Four people sit in a car. The masses of the people are 41 kg, 47 kg, 53 kg, and 55 kg. The car's mass is 1020 kg. When the car drives over a bump, its springs cause an oscillation with a frequency of 1.00 Hz. What would the frequency be if only the 41-kg person were present?

Hz

I really don't know how to do this, and I can't even make an assumption! Help please!

M=41+47+53+55 = 196 kg

f=sqrt(k/M)/ 2•π
k =(2•π •f)^2•M =7.74•10^3 N/m
f1 =sqrt(k/m)/ = sqrt(7.74•10^3/41)/ 2•π =2.19 Hz.

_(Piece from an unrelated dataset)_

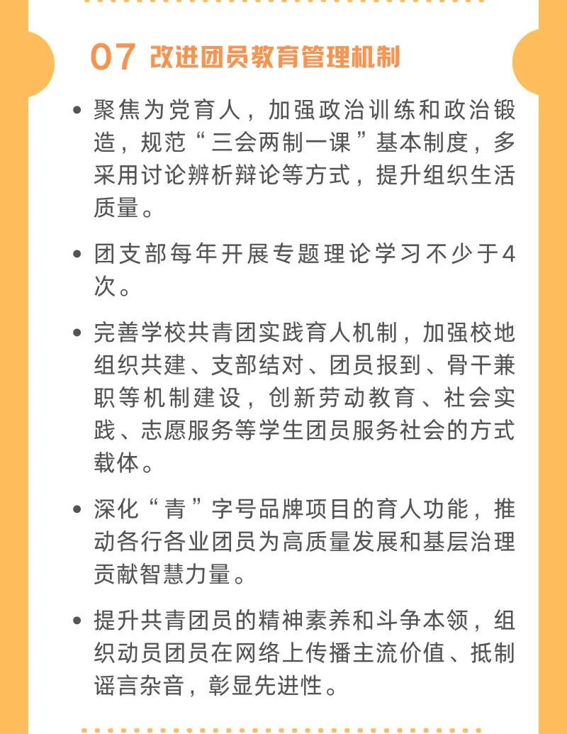 6. 嚴(yán)格入團(tuán)標(biāo)準(zhǔn)和程序。堅持政治標(biāo)準(zhǔn),建立并落實積分、評議入團(tuán)制度,落實少先隊推優(yōu)機(jī)制,逐步將思政課考評優(yōu)良、團(tuán)課學(xué)習(xí)合格、積極參與志愿服務(wù)作為入團(tuán)的必備條件,提高團(tuán)員發(fā)展質(zhì)量。優(yōu)化規(guī)模結(jié)構(gòu),重視初中、中職(技工)、民辦和農(nóng)村學(xué)校發(fā)展團(tuán)員工作,鞏固在初中畢業(yè)班及以上學(xué)段班級建立團(tuán)支部,加大社會領(lǐng)域團(tuán)員發(fā)展力度。嚴(yán)格團(tuán)員發(fā)展程序和工作紀(jì)律,從嚴(yán)從實做好違規(guī)發(fā)展團(tuán)員核查處置。 7. 改進(jìn)團(tuán)員教育管理機(jī)制。聚焦為黨育人,加強(qiáng)政治訓(xùn)練和政治鍛造,規(guī)范“三會兩制一課”基本制度,多采用討論辨析辯論等方式,提升組織生活質(zhì)量。團(tuán)支部每年開展專題理論學(xué)習(xí)不少于4次。完善學(xué)校共青團(tuán)實踐育人機(jī)制,加強(qiáng)校地組織共建、支部結(jié)對、團(tuán)員報到、骨干兼職等機(jī)制建設(shè),創(chuàng)新勞動教育、社會實踐、志愿服務(wù)等學(xué)生團(tuán)員服務(wù)社會的方式載體。深化“青”字號品牌項目的育人功能,推動各行各業(yè)團(tuán)員為高質(zhì)量發(fā)展和基層治理貢獻(xiàn)智慧力量。提升共青團(tuán)員的精神素養(yǎng)和斗爭本領(lǐng),組織動員團(tuán)員在網(wǎng)絡(luò)上傳播主流價值、抵制謠言雜音,彰顯先進(jìn)性。 8. 推動黨、團(tuán)、隊育人鏈條銜接貫通。加強(qiáng)全團(tuán)帶隊,落實少先隊階梯式成長激勵制度,遞進(jìn)開展分批入隊、分段教育、分級激勵。規(guī)范落實新時代共青團(tuán)激勵機(jī)制指導(dǎo)大綱,綜合實施入團(tuán)激勵、評議激勵、榮譽激勵、機(jī)會激勵、發(fā)展激勵,每年開展團(tuán)員先進(jìn)性評價。把推優(yōu)入黨作為基層團(tuán)組織履行政治功能的重要抓手,落實“兩個一般、兩個主要”要求,按照共青團(tuán)推優(yōu)入黨工作實施辦法,規(guī)范和加強(qiáng)推優(yōu)入黨工作機(jī)制,將共青團(tuán)員榮譽激勵和先進(jìn)性評價結(jié)果作為“推優(yōu)”的重要依據(jù)。

Thank you, but I tried this answer its wrong and I don't know why!

Thanks, for the help Elena. For me this answer is also not working its saying that its wrong. :/

add the mass of the vehicle...

To find the frequency of the car's oscillation with only the 41-kg person present, you can use the principle of simple harmonic motion.

First, we need to calculate the effective mass of the system when only the 41-kg person is present. The effective mass is the sum of the masses of the car and the person. So, the effective mass would be:

Effective mass = Mass of the car + Mass of the person
= 1020 kg + 41 kg
= 1061 kg

Now, we can use the equation for the frequency of simple harmonic motion:

Frequency (f) = 1 / (2π * sqrt(m / k))

Where:
- f is the frequency in Hz
- π is a mathematical constant (approximately 3.14159)
- m is the effective mass of the system
- k is the spring constant

Since the problem doesn't provide the spring constant, we cannot calculate the exact frequency. However, we can still determine the relationship between the two frequencies.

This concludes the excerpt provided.